Bene Israel teachers in Bombay, 1856

The Bene Israel community believes that their ancestors fled Judea during the persecution under Antiochus Epiphanes and are descended from fourteen Jews, seven men and seven women, who came to India as the only survivors of a shipwreck near the village of Navagaon on the coast about 20 mi south of Mumbai. Some historians have thought their ancestors may have belonged to one of the Lost Tribes of Israel. They took up the work of oil pressing and running grocery shops but abstained from working on the Sabbath, and hence were called Shanivar Teli. Genetic evidence as of 2005 suggests that the Bene Israel appear to carry a haplotype which points to a Middle Eastern origin, and Jews may have formed part of the founding group. They gradually assimilated to the people around them, while retaining customs that are considered Jewish.
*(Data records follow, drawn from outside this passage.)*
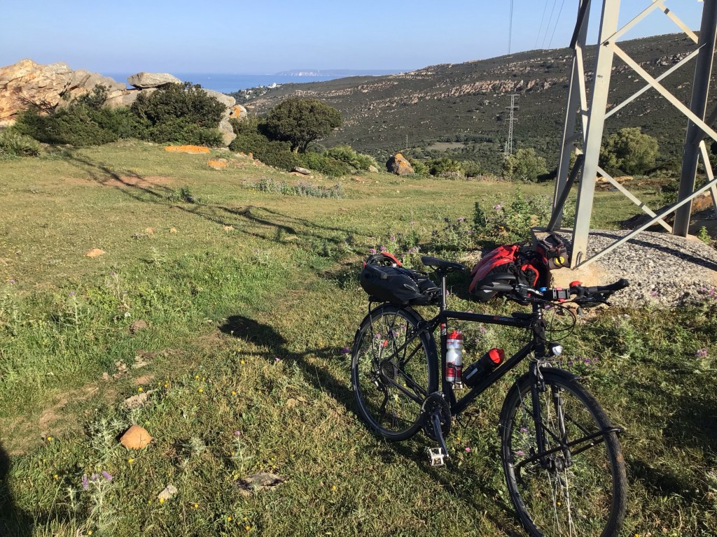 Même si je ne dépasse pas le 10km/h. En effet, ça grimpe sans discontinuer jusqu’au col à 340m. Ça redescend. Et puis rebelote, nouvelle montée jusqu’à un nouveau col à 320m ! Et, enfin, belle descente vers Algeciras avec vue sur Gibraltar.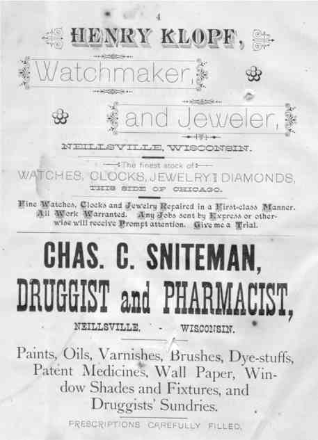 Advertisements: Henry Klopf, Watchmaker and Jeweler Charles C. Sniteman, Druggist and Pharmacist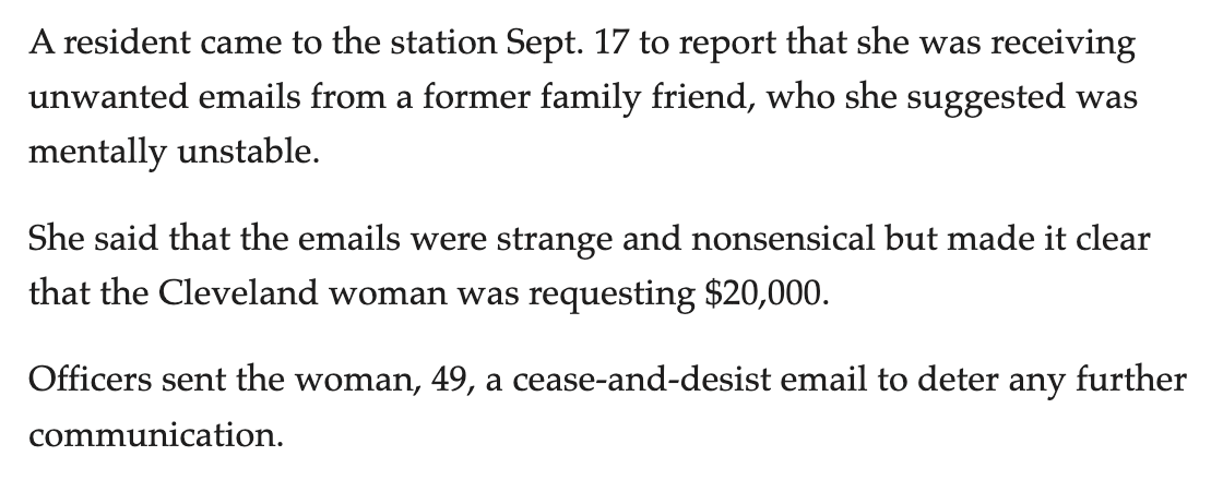 ▀ Unhinged Ex-Pal Demands $20K (Mayfield, OH)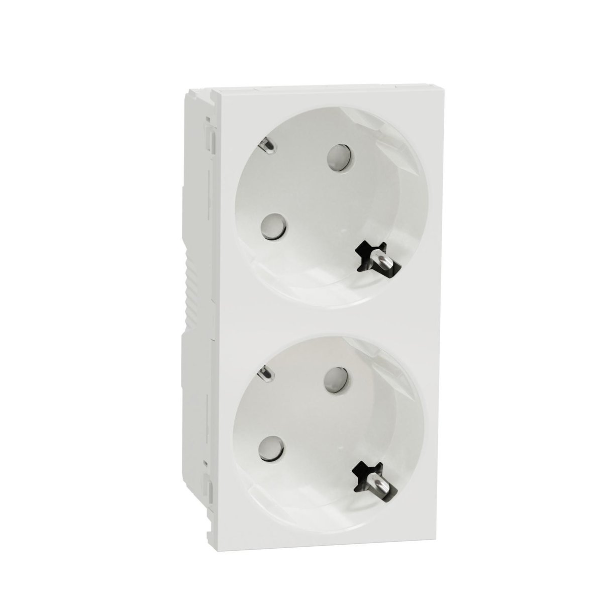 Schneider Electric Unica NU306618 er en dobbelt stikkontaktindsats i hvid (RAL9003). Denne stikkontakt overholder tysk standard og har en mærkestrøm på 16A. Den er designet til nem og hurtig installation i Unica dåser eller underlag samt OptiLine installationssystemet, uden brug af værktøj.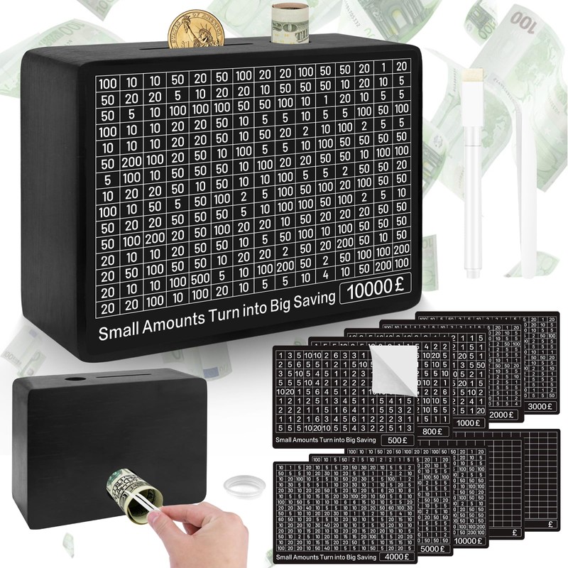 - 10,000 POUND LARGE KIDS MONEY BOX:Our children's money box allows you to deposit money in printed amounts from 1 to 75, up to 10,000 pounds. The kids money box not only keeps track of whether or not money is saved, but also the exact amount Simple and fun maths game for anyone. After reaching your savings goal, the person using it can open the reusable wooden deposit box and retrieve the money you have saved. It can then be erased to add new markers and start a new round of saving.
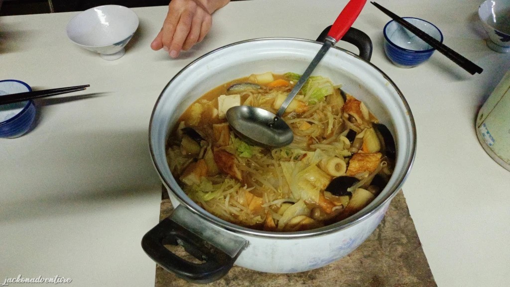 Nevertheless, the host prepared some delicious dishes on special occasions such as pizza and the so-called traditional Chanko-nabe. This Japanese dish is usually eaten by sumo wrestlers in vast quantities as part of their weight gain diet which contains chicken, pork, vegetables, tofu and mushrooms.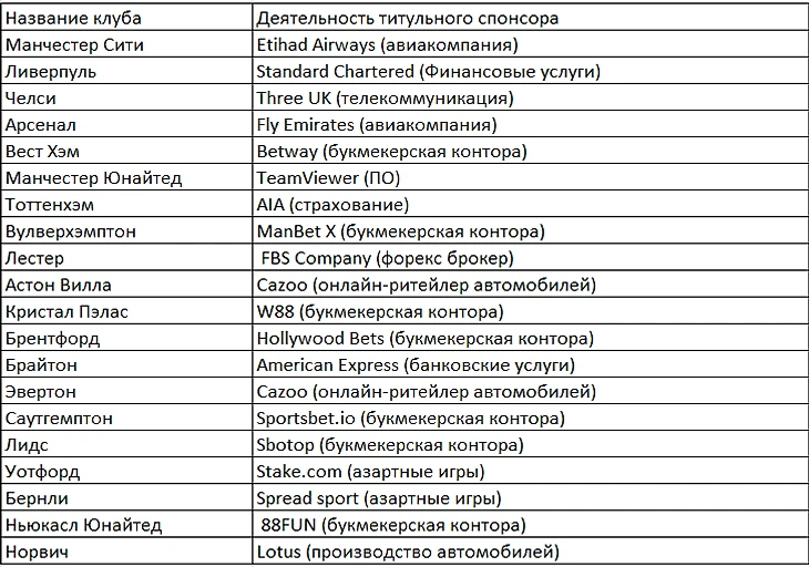 Всего три команды имеют спонсоров в сфере беттинга, что не является достаточно большим показателем. Клубы заточены под сотрудничество с организациями, которые занимаются удовлетворением наиболее важных вопросов человечества.

The medieval Jewish philosopher Maimonides may have been referring to the Bene Israel when he wrote in a letter: "The Jews of India know nothing of the Torah, save for the Sabbath and circumcision."

At a point in history which is uncertain, an Indian Jew from Cochin named David Rahabi discovered the Bene Israel in their villages and recognized their vestigial Jewish customs. Rahabi taught the people about normative Judaism. He trained some young men among them to be the religious preceptors of the community. Known as Kajis, these men held a position that became hereditary, similar to the Cohanim. They became recognized as judges and settlers of disputes within the community.

Bene Israel tradition places Rahabi's arrival at either 1000 or 1400, although some historians have dated his arrival to the 18th century. They suggest that the "David Rahabi" of Bene Israel folklore was a man named David Ezekiel Rahabi, who lived from 1694 to 1772, and resided in Cochin, then the centre of the wealthy Malabar Jewish community. Others suggest that the reference is to David Baruch Rahabi, who arrived in Bombay from Cochin in 1825.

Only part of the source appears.